Real-World Applications

  1. Network Design: Connecting cities with minimum cable cost
  2. Clustering: Grouping similar data points
  3. Image Segmentation: Connecting pixels with similar properties
  4. Circuit Design: Minimizing wire length
  5. Water Supply: Connecting water sources to consumers

LeetCode Problems

  • 1584. Min Cost to Connect All Points: Direct MST application
  • 1135. Connecting Cities With Minimum Cost: MST with custom weights
  • 1489. Find Critical and Pseudo-Critical Edges in Minimum Spanning Tree: Advanced MST concepts

Example: LeetCode 1584

Problem

Given an array of points where points[i] = [xi, yi] represents a point on the X-Y plane, return the minimum cost to make all points connected.
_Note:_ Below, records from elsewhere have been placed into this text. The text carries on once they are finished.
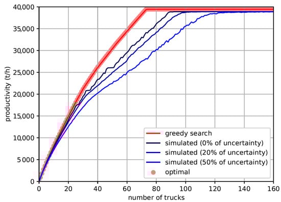 Figure 4 shows the increase in mine productivity with the number of available CAT-789D trucks until a saturation point is reached, where more trucks will only generate queues. This case study considers the distance (10) between dumping sites and loading sites, as well as the parameters in Table 1, Table 2, Table 3 and Table 4 for truck model 2 (i.e., CAT-789D). Notice that the greedy search solution matches the optimal solution, which is typical, but does not always happen (sometimes the greedy search productivity is a little smaller just before the saturation point). This quantifies the optimality of the greedy search. Notice from Figure 4 and Figure 5 that the simulated productivity, which is a feasible realization of trucks in the mine, starts close to the optimal productivity upper bound given by the solution of (5)–(9), gradually becoming smaller than the upper bound because of queues as the number of trucks increases. The simulated productivity ends close to the upper bound again (with a gap inferior to ), as the number of trucks is large enough to occupy all loading and dumping services without gaps. This quantifies the optimality of the dispatch rule and also quantifies how tight the upper bound can be. Finally, notice also that greater uncertainty in the simulation leads to lower productivity due to unforeseen queues, whose gap becomes smaller as the number of trucks gets further from the saturation point. For 50% of the uncertainty (i.e., triangular distribution with mean , minimum and maximum ), the gap between the simulated productivity and its upper bound can become as large as . Finally, notice that as the number of trucks gets large enough, all simulated productivity tends toward the upper bound (curiously, all with a relative error about ), no matter what the uncertainty involved is and so does the greedy search solution. This result shows how robust to uncertainty the proposed dispatch rule is, as well as how optimal the greedy search solution is. These results are depicted in detail and obtained for more mine instances in the next section.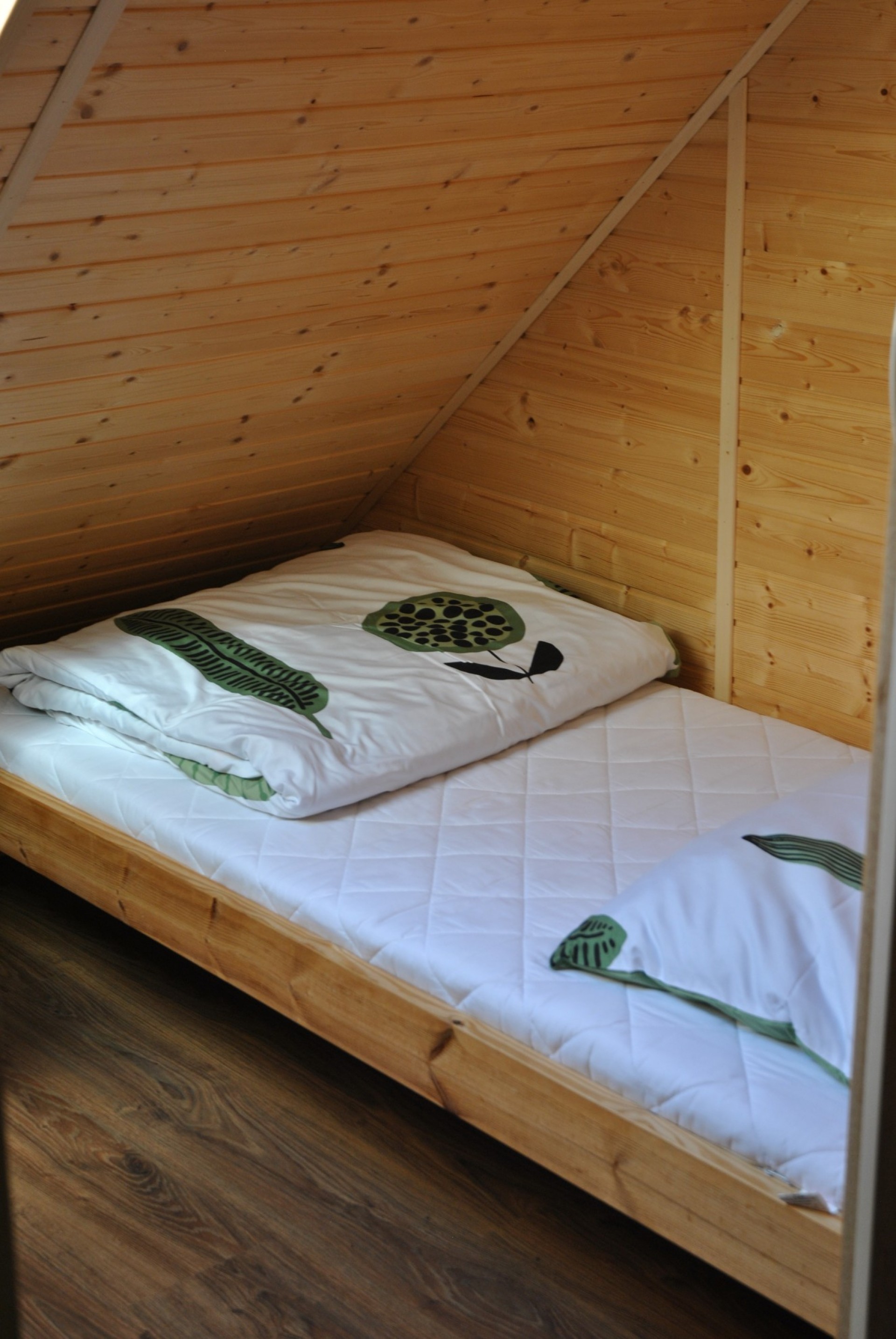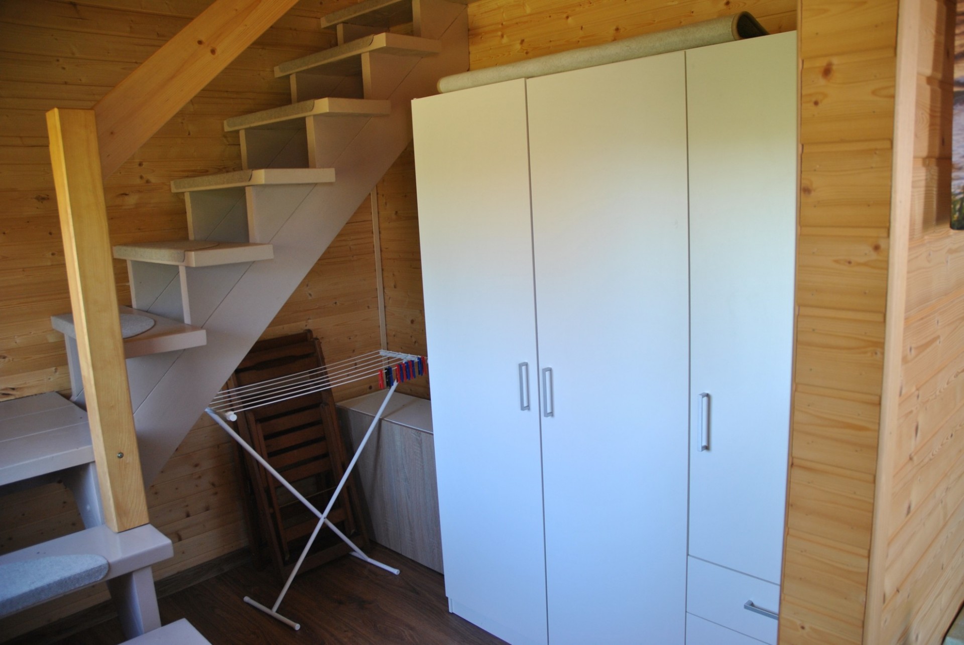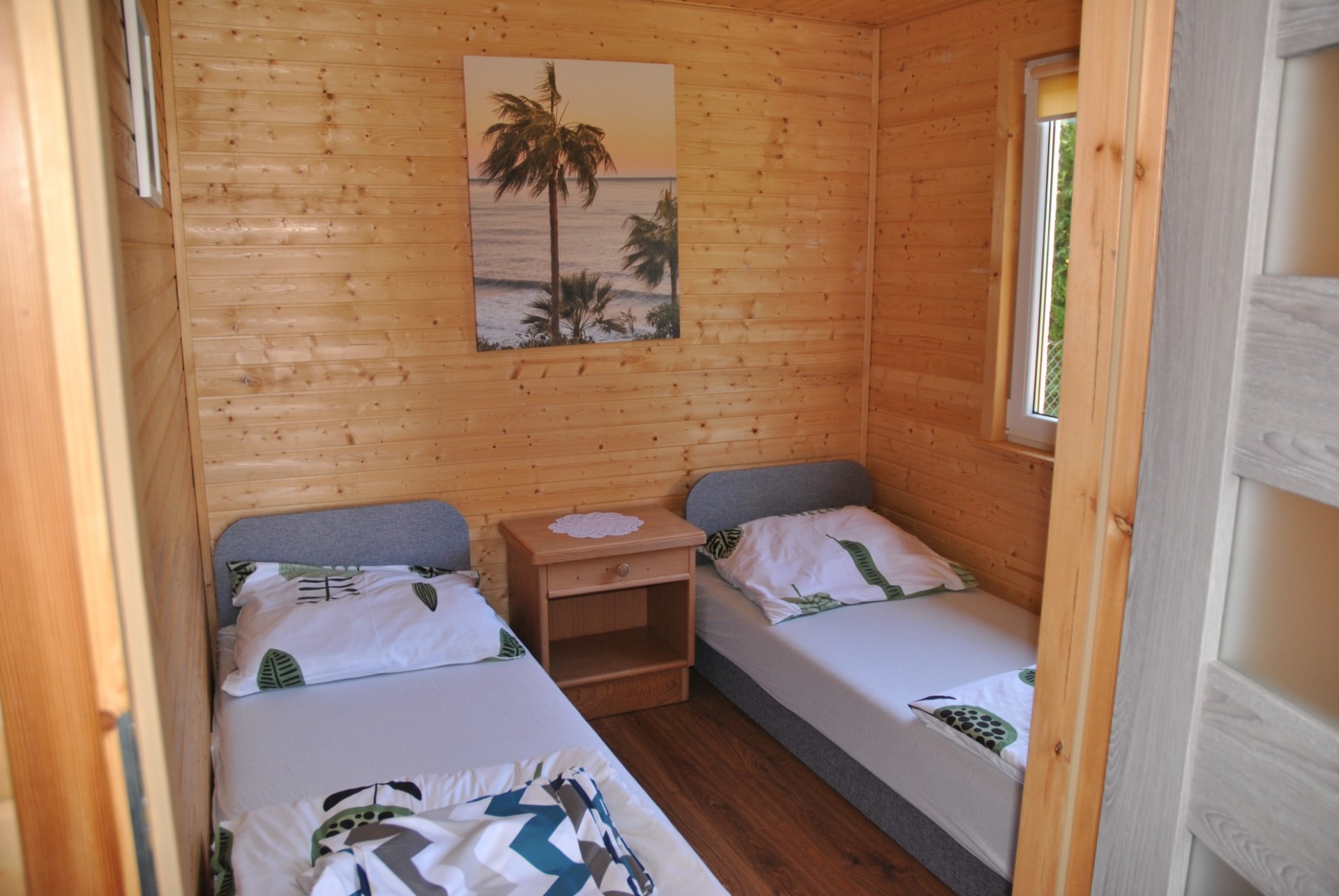 W domku znajduje się sypialnia z dwoma łóżkami i szafą oraz łazienka.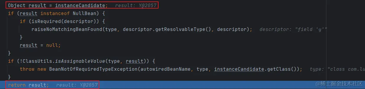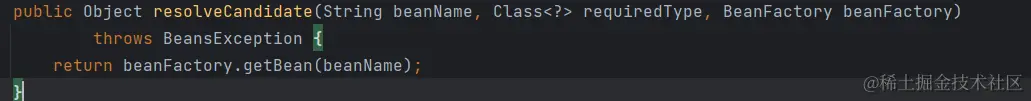- 上述的两个条件都是满足的,就会直接走到第 5 行,resolveCandidate 方法其实也是 getBean 的逻辑: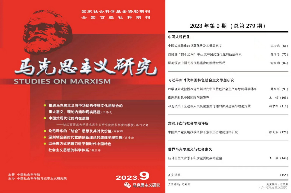 日前,《马克思主义研究》(2023年第9期)刊发徐成芳教授文章的题目是《中国共产党长期执政条件下意识形态建设规律研究》,是国家社科基金项目的阶段性成果,全文约25000字。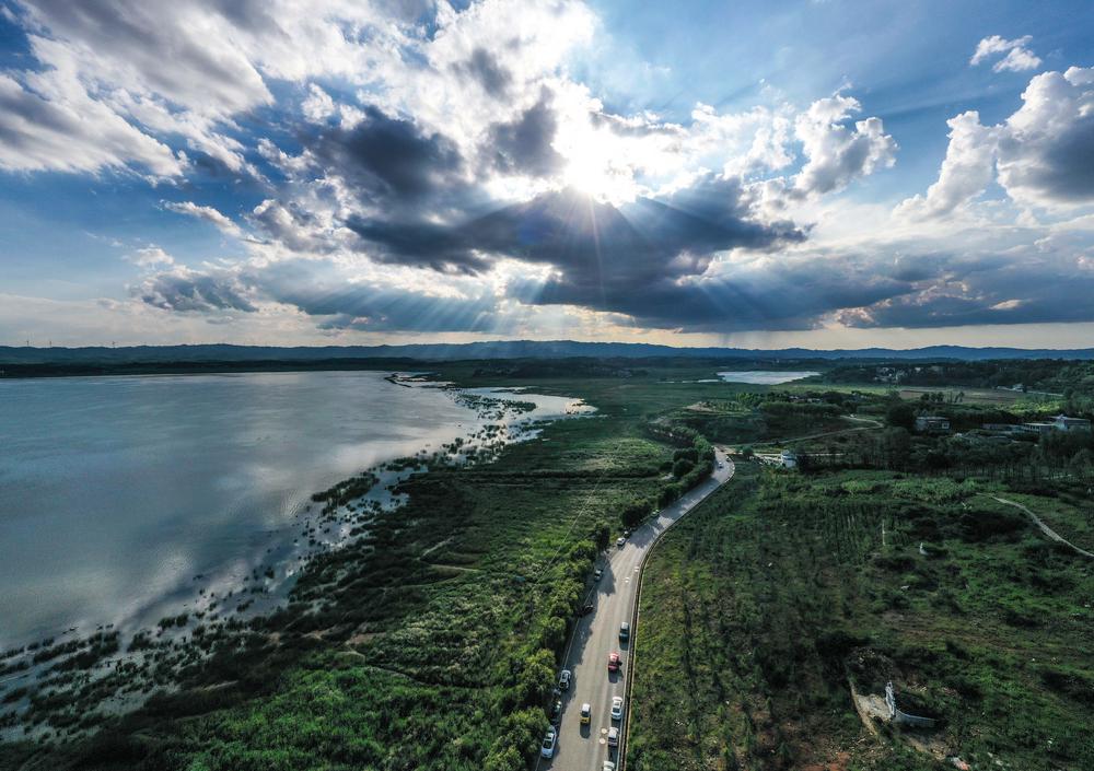 [신화망 웨이닝 8월3일] 1일 구이저우(貴州)성 웨이닝(威寧)현 차오하이(草海) 관광지 해안도로를 드라이브하는 관광객 차량을 드론 사진에 담았다.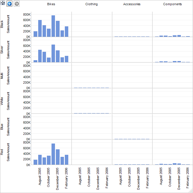 These small multiple charts are identical to the Analysis Services-based charts except for a few differences: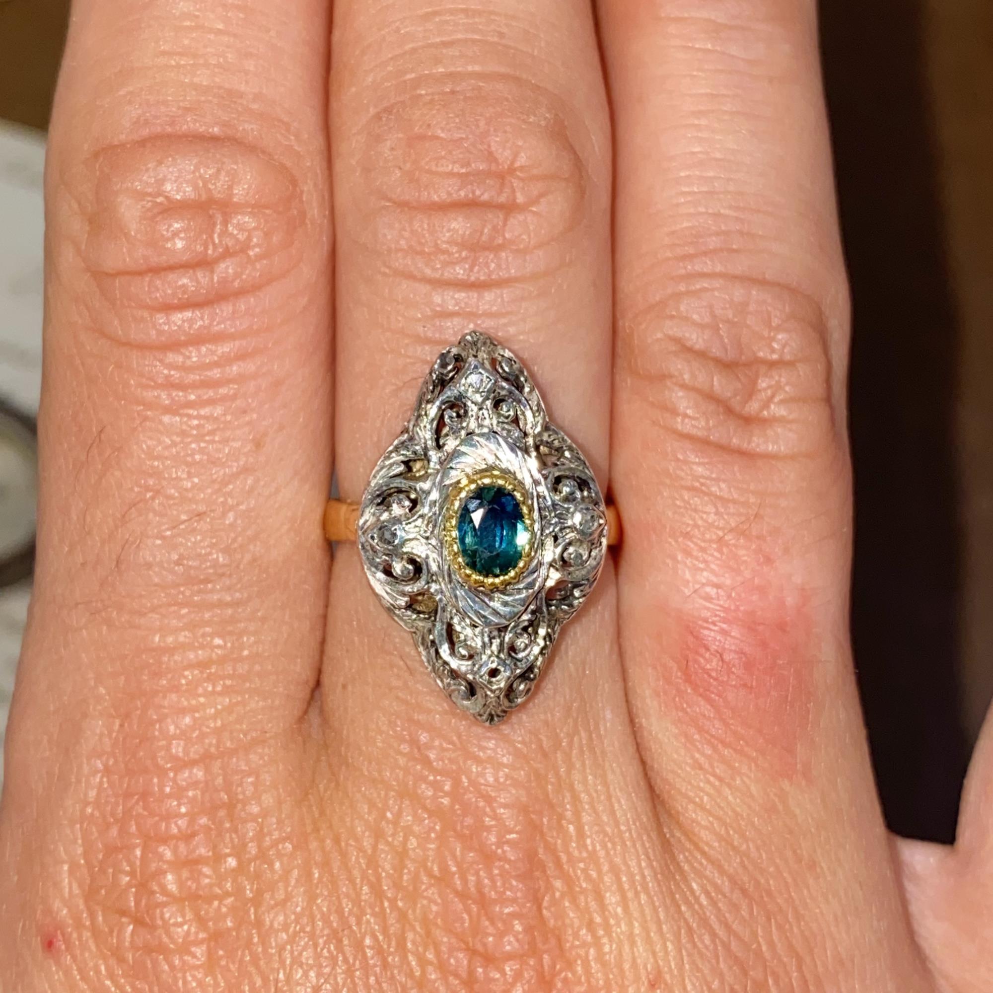 Anello vintage in oro 14kt con zaffiro naturale ct 0,85 ca.

Solution using Prim’s Algorithm

class Solution {
    public int minCostConnectPoints(int[][] points) {
        int n = points.length;
        boolean[] visited = new boolean[n];
        int[] minDist = new int[n];
        Arrays.fill(minDist, Integer.MAX_VALUE);
        
        minDist[0] = 0;
        int totalCost = 0;
        
        for (int i = 0; i < n; i++) {
            // Find unvisited vertex with minimum distance
            int u = -1;
            int min = Integer.MAX_VALUE;
            for (int j = 0; j < n; j++) {
                if (!visited[j] && minDist[j] < min) {
                    min = minDist[j];
                    u = j;
                }
            }
            
            visited[u] = true;
            totalCost += min;
            
            // Update distances to unvisited neighbors
            for (int v = 0; v < n; v++) {
                if (!visited[v]) {
                    int dist = Math.abs(points[u][0] - points[v][0]) + 
                              Math.abs(points[u][1] - points[v][1]);
                    if (dist < minDist[v]) {
                        minDist[v] = dist;
                    }
                }
            }
        }
        
        return totalCost;
    }
}

Summary Table

Algorithm Time Complexity Space Complexity Approach Best For
Prim’s O(E log V) O(V) Vertex-based Dense graphs
Kruskal’s O(E log E) O(E) Edge-based Sparse graphs
Borůvka’s O(E log V) O(V) Component Parallel

Key Takeaways

  1. Greedy Nature: Both algorithms make locally optimal choices that lead to globally optimal solutions
  2. Cut Property: The mathematical foundation that makes greedy approach work
  3. Implementation Choice:
    • Use Prim’s for dense graphs (E ≈ V²)
    • Use Kruskal’s for sparse graphs (E « V²)
  4. Disjoint Set: Essential data structure for Kruskal’s algorithm
  5. Priority Queue: Essential data structure for Prim’s algorithm
  6. Applications: Network design, clustering, and optimization problems

Advanced Topics

Multiple MSTs

When edge weights are not unique, there may be multiple MSTs with the same total weight.

Second Best MST

Finding the second minimum spanning tree using edge replacement.

Dynamic MST

Maintaining MST under edge insertions and deletions.

Parallel MST Algorithms

Borůvka’s algorithm is naturally parallelizable and used in distributed systems.